I open up the door but I can't see Charlie. I peer round the door and look beside the bed. He's sat on the floor, tears pouring down his face, dripping onto his knees that are curled up in front of him being hugged tightly by his arms.
"Hey, what's up?" I ask as I kneel down to be with Charlie. I shuffle myself towards him so that our hips are touching and wrap my arm around his shoulder. I gently wipe a tear from his face.

Charlie doesn't reply, it's just snuffles in response.

I lean back slightly and position myself to face Charlie. Aiming to look into his eyes, but he won't look up.
"Charlie, please talk to me" I beg. "Please tell me what's going on, I hate seeing you upset."

He begins to speak, although it takes a while for anything to expel from his mouth.
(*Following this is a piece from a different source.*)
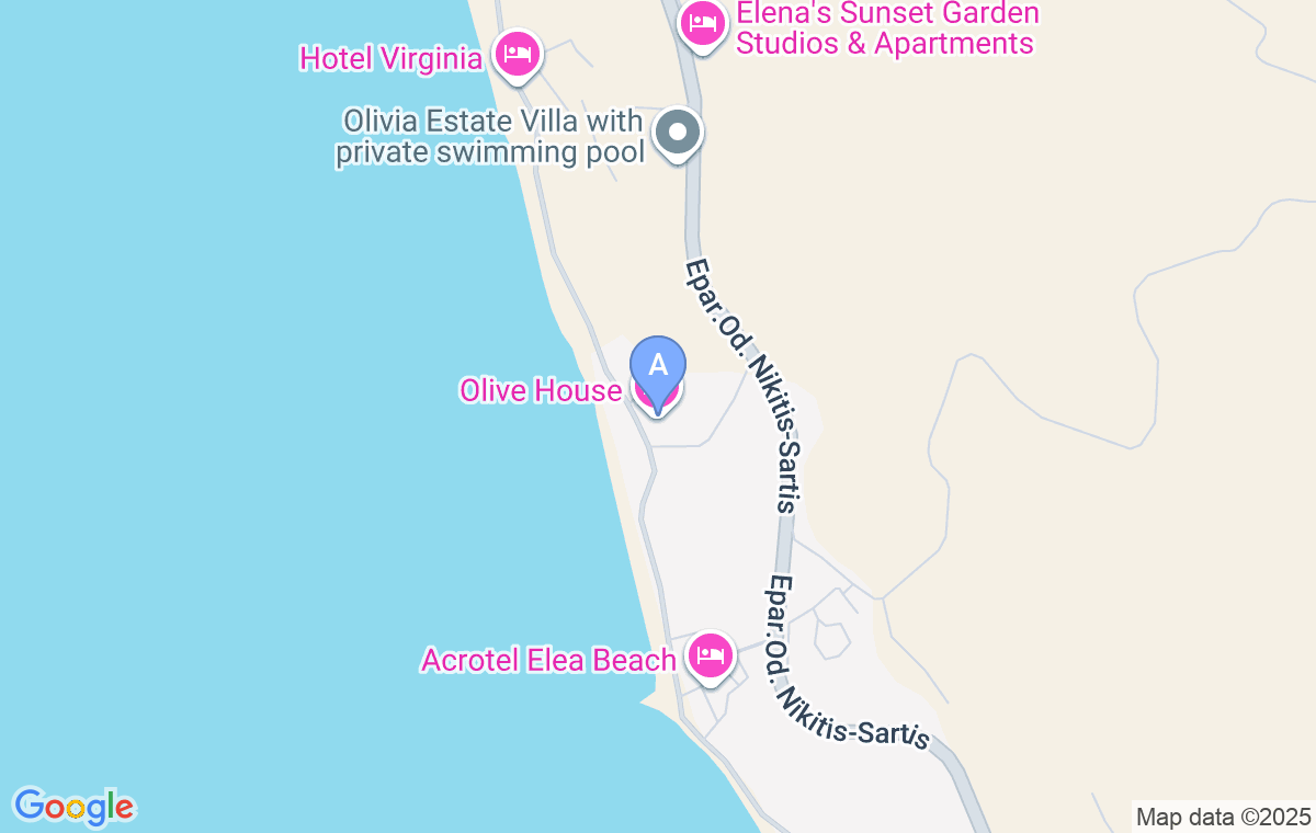Olive House je smeštaj nadomak plaže u oblasti Elia. U dobrom je stanju, delimično je renoviran i redovno se održava. Nalazi se u veoma prijatnom ambijentu, okružen je zelenilom i velikim i lepo uređenim dvorištem.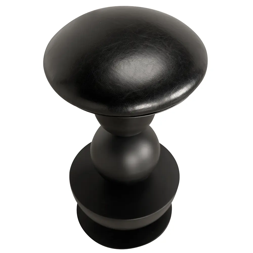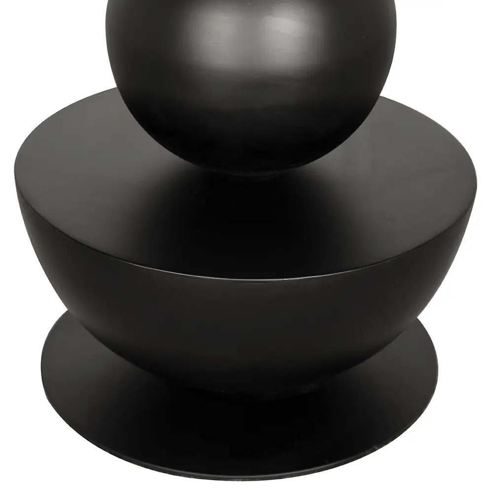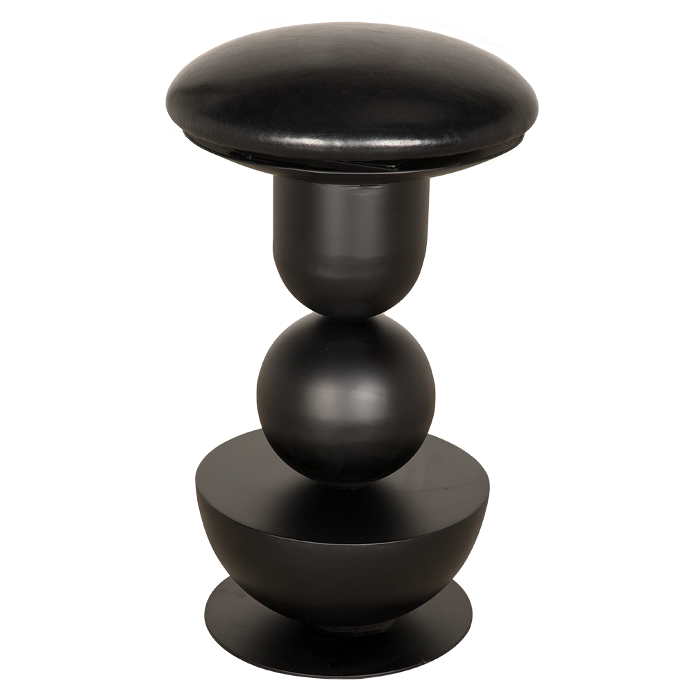 This sculptural swivel counter stool features a bold geometric design comprising stacked symmetrical shapes: a dome, cylinder, sphere, and cone. The arrangement creates a dynamic and visually intriguing structure. Finished in matte black, the stool offers a striking modernist aesthetic and an impressive visual weight.

"Are you happy?" He asks. "With me?"

Of course I am. I've said it thousands of times at this point, but Charlie just can't understand how much I truly love him.
"Yes!" I try to convince Charlie.

"I know you want to be with me," he continues, "but is that just because no one better has come along?"
"Charlie, what's brought this on?" I wonder, my voice cracking as my heart breaks.
"Um- s-some guy named Aaron said, some things to me, And I don't want to believe them, but I can't stop thinking that maybe it's true?"

I instantly dive into Charlie. Wrapping my arms around his waist and nestling my head into his shoulder. Hiding my tears from Charlie.

So that's who Aaron is. What the fuck!

I pull back slightly, so that my hands are now on Charlie's hips and we're face to face.
"Who does he think he is? What the actual fuck!" I can't help but exclaim.
What.the.actual.fuck.

"Char, you know I love you and I want to be with you. And that means I want to be with you forever, not just until someone 'better' comes along. There is no one better, you are the only one for me." I try to comfort him. I hate what this guy has done to Charlie. He's come so far with his confidence and mental health but it's idiots like this that end up undoing the progress already made.

I'm so angry at this guy, I don't even know what to do, or say.
"Can you maybe tell me what exactly he said?" I query.
"I don't want to put it on you" Charlie says, like he doesn't want to burden me with this. But anything that hurts Charlie, hurts me anyway.
"Charlie, I'm here for you. I need you to know the truth, and if you tell me what Aaron said, I will prove to you that none of it is true!"

Charlie begins to recite the conversation he had with Aaron 15 minutes prior. With each word he says, it breaks my heart more and more. I can't believe how people can be so terrible.

After Charlie has finished talking, I have tears streaming down my face, and a lump in my throat.
"I need to show you something" is all that I can manage to say. But it's enough.

I get up and walk to the other side of our bed, and pull out a storage container from beneath. It's full of our old diaries. I quickly flick through them, finding all the ones I need Charlie to see.